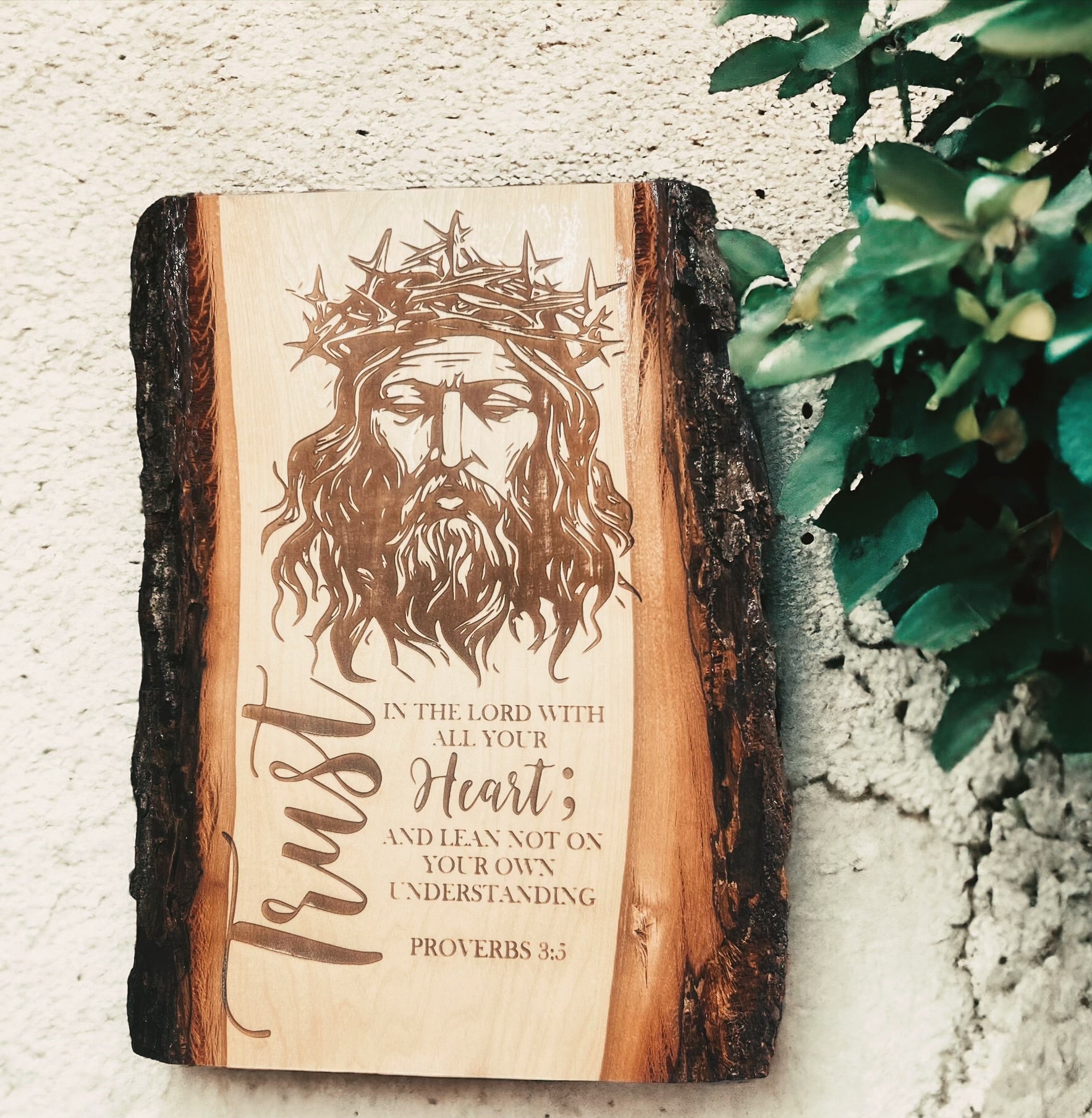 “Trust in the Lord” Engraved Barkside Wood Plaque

-.-.-

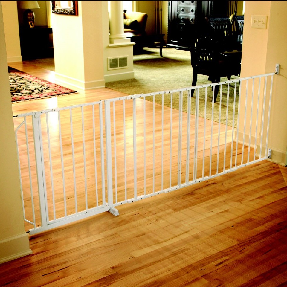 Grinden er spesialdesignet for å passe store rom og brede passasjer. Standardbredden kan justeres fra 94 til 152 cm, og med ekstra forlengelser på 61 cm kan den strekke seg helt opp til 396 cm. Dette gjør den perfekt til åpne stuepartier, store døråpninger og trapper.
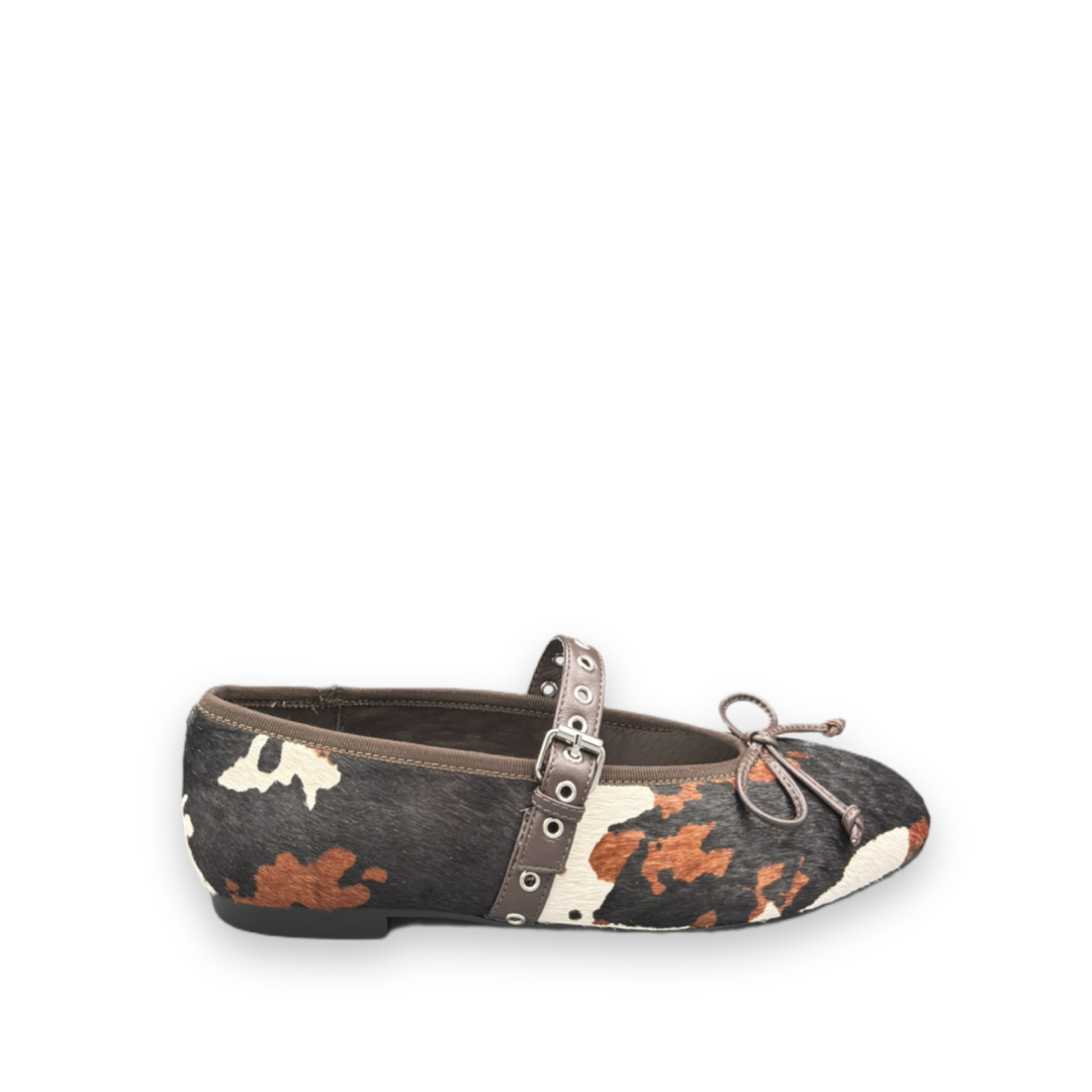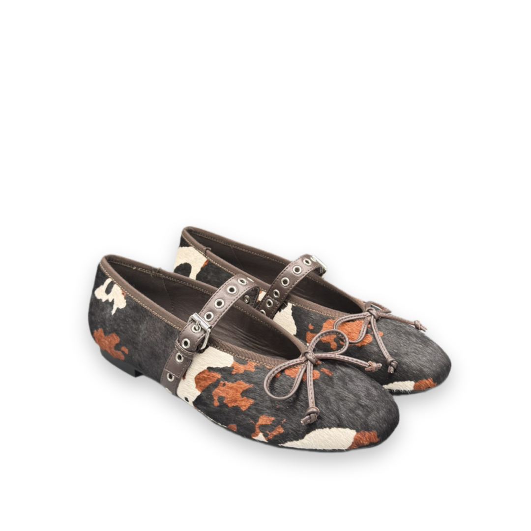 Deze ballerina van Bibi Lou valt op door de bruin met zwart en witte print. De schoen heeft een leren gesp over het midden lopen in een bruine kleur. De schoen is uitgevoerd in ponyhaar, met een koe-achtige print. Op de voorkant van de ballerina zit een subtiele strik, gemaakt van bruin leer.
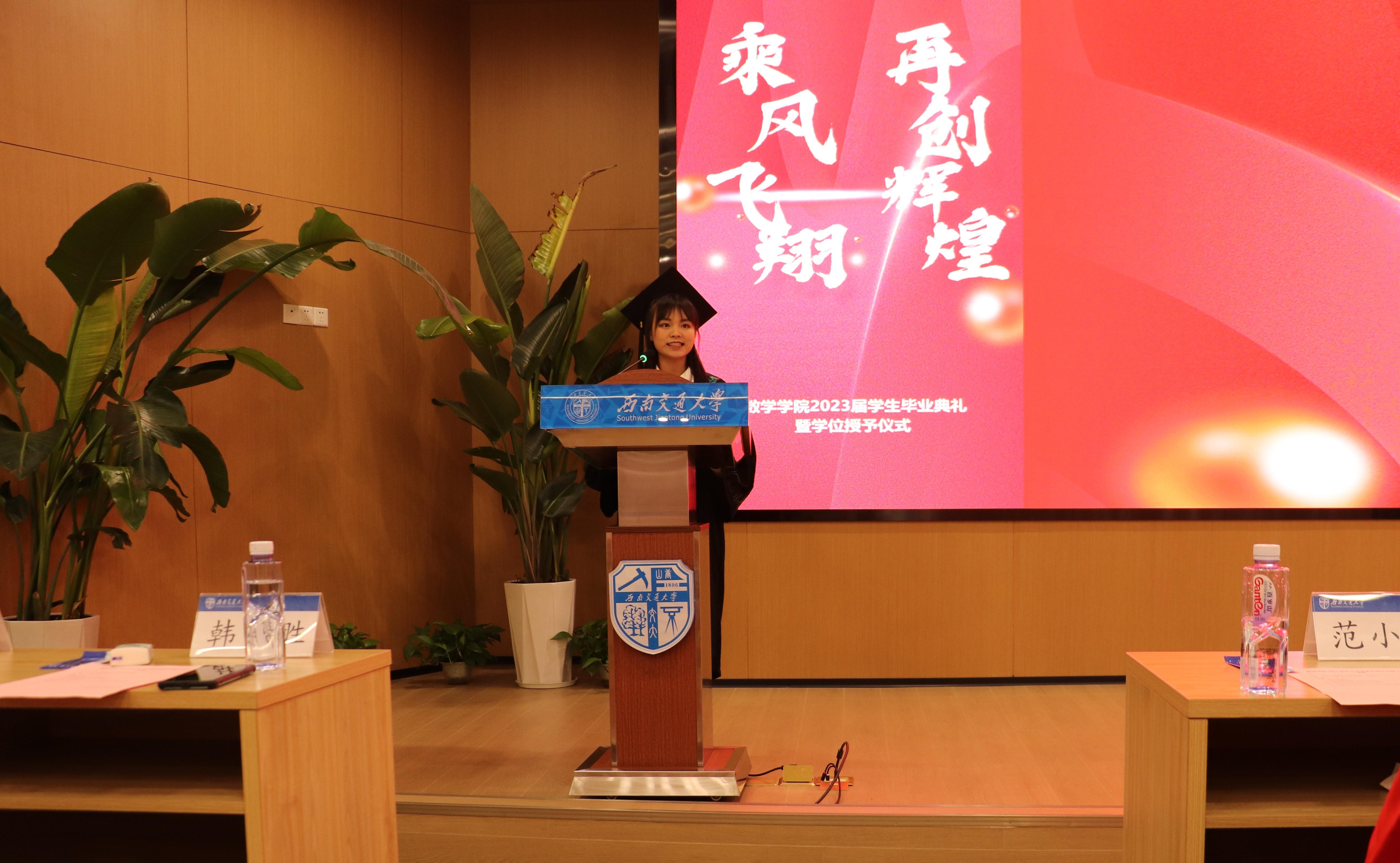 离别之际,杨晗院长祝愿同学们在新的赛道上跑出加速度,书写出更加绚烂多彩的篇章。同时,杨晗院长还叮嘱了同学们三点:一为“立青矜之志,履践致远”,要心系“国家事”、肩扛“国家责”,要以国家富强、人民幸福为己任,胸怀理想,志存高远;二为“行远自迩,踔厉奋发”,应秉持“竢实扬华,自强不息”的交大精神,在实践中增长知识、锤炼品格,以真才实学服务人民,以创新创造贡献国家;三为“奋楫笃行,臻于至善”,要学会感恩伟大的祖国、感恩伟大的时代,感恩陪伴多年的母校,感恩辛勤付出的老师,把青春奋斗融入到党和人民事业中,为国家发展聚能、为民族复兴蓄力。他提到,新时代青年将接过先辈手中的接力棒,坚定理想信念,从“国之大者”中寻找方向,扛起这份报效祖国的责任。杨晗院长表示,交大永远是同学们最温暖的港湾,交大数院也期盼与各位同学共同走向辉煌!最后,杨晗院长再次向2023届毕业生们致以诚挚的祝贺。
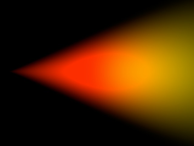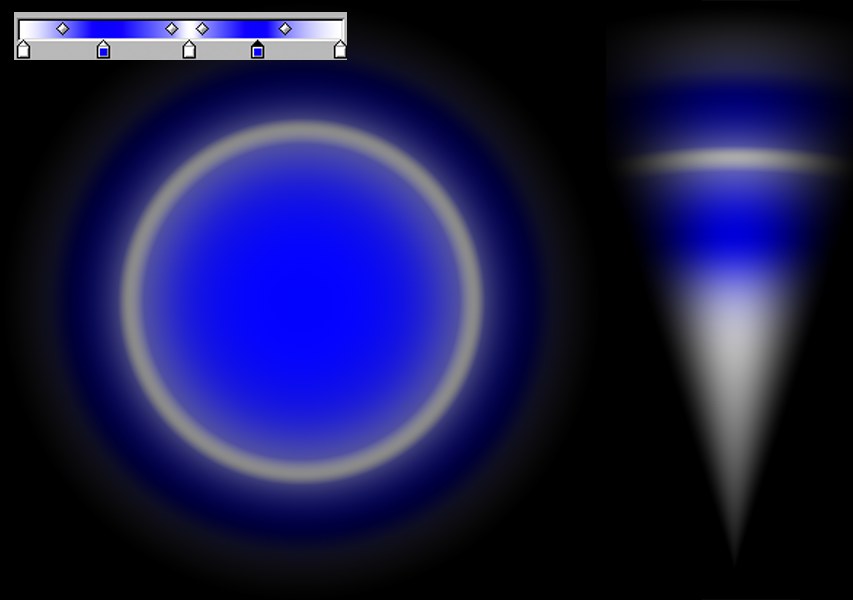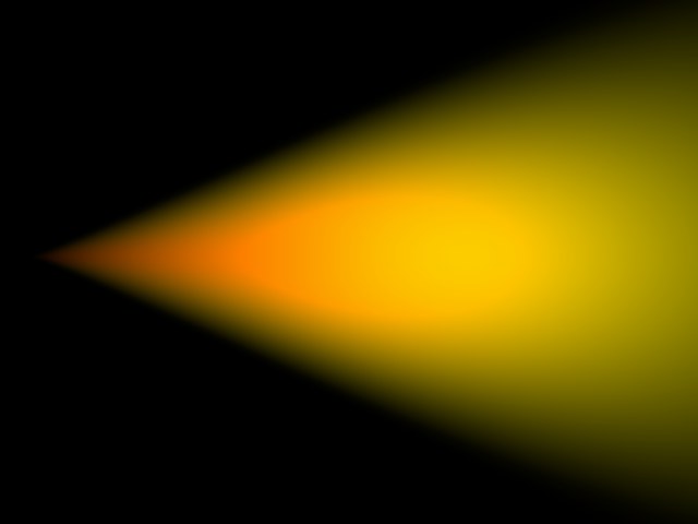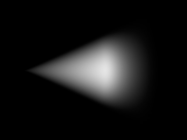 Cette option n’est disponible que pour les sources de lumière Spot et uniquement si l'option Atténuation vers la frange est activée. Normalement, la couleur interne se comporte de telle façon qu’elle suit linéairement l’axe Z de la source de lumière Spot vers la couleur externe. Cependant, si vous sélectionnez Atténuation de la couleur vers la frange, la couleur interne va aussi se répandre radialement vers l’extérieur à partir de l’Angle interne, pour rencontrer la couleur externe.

-.-.-

Your instructions: Print the part of the listing above that opens with the line containing "离别之际,杨晗院长祝愿同学们" and closes with the line containing "Cette option n’est". Copy it exactly, both ends included, and omit the pictures.

Result:
 离别之际,杨晗院长祝愿同学们在新的赛道上跑出加速度,书写出更加绚烂多彩的篇章。同时,杨晗院长还叮嘱了同学们三点:一为“立青矜之志,履践致远”,要心系“国家事”、肩扛“国家责”,要以国家富强、人民幸福为己任,胸怀理想,志存高远;二为“行远自迩,踔厉奋发”,应秉持“竢实扬华,自强不息”的交大精神,在实践中增长知识、锤炼品格,以真才实学服务人民,以创新创造贡献国家;三为“奋楫笃行,臻于至善”,要学会感恩伟大的祖国、感恩伟大的时代,感恩陪伴多年的母校,感恩辛勤付出的老师,把青春奋斗融入到党和人民事业中,为国家发展聚能、为民族复兴蓄力。他提到,新时代青年将接过先辈手中的接力棒,坚定理想信念,从“国之大者”中寻找方向,扛起这份报效祖国的责任。杨晗院长表示,交大永远是同学们最温暖的港湾,交大数院也期盼与各位同学共同走向辉煌!最后,杨晗院长再次向2023届毕业生们致以诚挚的祝贺。
 Cette option n’est disponible que pour les sources de lumière Spot et uniquement si l'option Atténuation vers la frange est activée. Normalement, la couleur interne se comporte de telle façon qu’elle suit linéairement l’axe Z de la source de lumière Spot vers la couleur externe. Cependant, si vous sélectionnez Atténuation de la couleur vers la frange, la couleur interne va aussi se répandre radialement vers l’extérieur à partir de l’Angle interne, pour rencontrer la couleur externe.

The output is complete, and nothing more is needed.